As each layer of V vertices is compared to its adjacent layer, yielding *O*(*V*^{2}) comparisons, the bottleneck of our algorithm is how rapidly it can compare two structures, and how many times it must do so. RNA secondary structure can be represented in several ways from a simple string in bracket notation, to an enriched string representing structural features like loops and bulges, or even as a complex tree structure. Many metrics have been developed to calculate the pairwise distance between RNA secondary structures. M. Höchsmann gives an extensive overview on RNA structure comparison methods in [53]. One common metric is the Hausdorff Distance (HD) which was used by Zuker [54] to filter redundant structures in the Mfold program. The HD between two RNA structures is the maximal distance between each basepair in one structure and its nearest neighbour basepair in the other structure. The linear calculation time of the HD measure makes it useful for coarse (dis)similarity detection. The obvious disadvantage of HD is that it reflects the most extreme dissimilarity between the structures, making it blind to small-but-many dissimilarities.

Another common approach is to represent the RNA secondary structures as a string in bracket notation and to compare them using Needleman-Wunsch's global alignment algorithm [43] which runs in *O*(*N*^{2}) time. The major flaw in using this string Edit-Distance (ED) approach is that brackets are not treated as a single unit. A simple example can illustrate the potential problem in using string ED for bracket notation. Consider three strings:

A = ...(...).., B = ...(.....), and C = .(.)......
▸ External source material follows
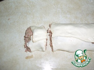 Из теста делаем жгутик и раскатываем его в виде прямоугольника. Выкладываем начинку.

where a bracket represents matched base and a dot represents an un-matched base.

The ED of {A, B} is 2 mismatches, and the ED of {A, C} is 3. However, in both cases the molecular process is the same; the fourth base has changed its basepair partner, in B the base pairing is between bases 4 and 10 and in C it is between bases 4 and 2.

Representing RNA secondary structures as a tree enables a more sensitive comparison of structures, as bases that are paired are treated as an inseparable unit. However, a tree-based approach is considerably slower. Tai [55] was the first to introduce the tree ED metric. Zhang and Shasha [56] suggested an $O\left({T}_{1}^{2}{T}_{2}^{2}\right)$ time algorithm. The fastest known algorithm for tree ED is bounded by *O*(*T*^{3}) [57]. In our method, we used string ED instead of tree ED in order to improve the run-time for the weight assignment to the edges of the graph. To determine if this heuristic is legitimate, we used the program RNAdistance [16], which is part of the Vienna Package, to calculate tree ED. We calculated the tree ED between all pairs of the 60 members of the Lysine dataset, and compared the results with the simple global alignment distance using weights of one for all edit operations. Figure 3 shows that the tree and string ED are highly correlated. The correlation coefficient between the two datasets is 0.92. Remarkably, we found little difference between the results obtained using the string or tree edit comparisons. Our results strongly indicate that the benefit of tree ED is minimal, especially given the expensive run-time.

### Accelerating string Edit Distance

While string ED is much faster than tree ED, it still requires quadratic run-time. In practice, the run-time can be significantly reduced. As detailed above, each layer of vertices in the DAG is calculated based on the previous (upper) layer. For our application, when calculating a given layer, we need only the best {vertex plus edge} value from the vertices and their edges located in the layer above. Therefore, we initially limit the ED dynamic programming procedure to allow only K (K is a very small number) mistakes (insert, delete, mismatch). This is done easily by filling only the 2*K*-wide-diagonal. Note that this calculation requires time *KN* rather than *N*^{2}. If none of the upper vertices has an ED of K or less, K is multiplied by two and the procedure reiterates. In practice, this simple heuristic reduces the run-time without losing accuracy. Moreover, while examining an upper vertex, one can forfeit the ED calculation for this vertex and skip to its neighbour if the value of this vertex plus the minimal expected score of the ED (the previous value of K) is greater (i.e. worse) than the value already obtained for the bottom vertex (for example, if we want to improve the score of a vertex with the current value of 14, there is no point in calculating the ED of vertices with values that exceed 14 nor with vertices of value 12 or more that failed the ED procedure limited to K = 2). In practice, these heuristics allow for a reduction of about 25% in the running time.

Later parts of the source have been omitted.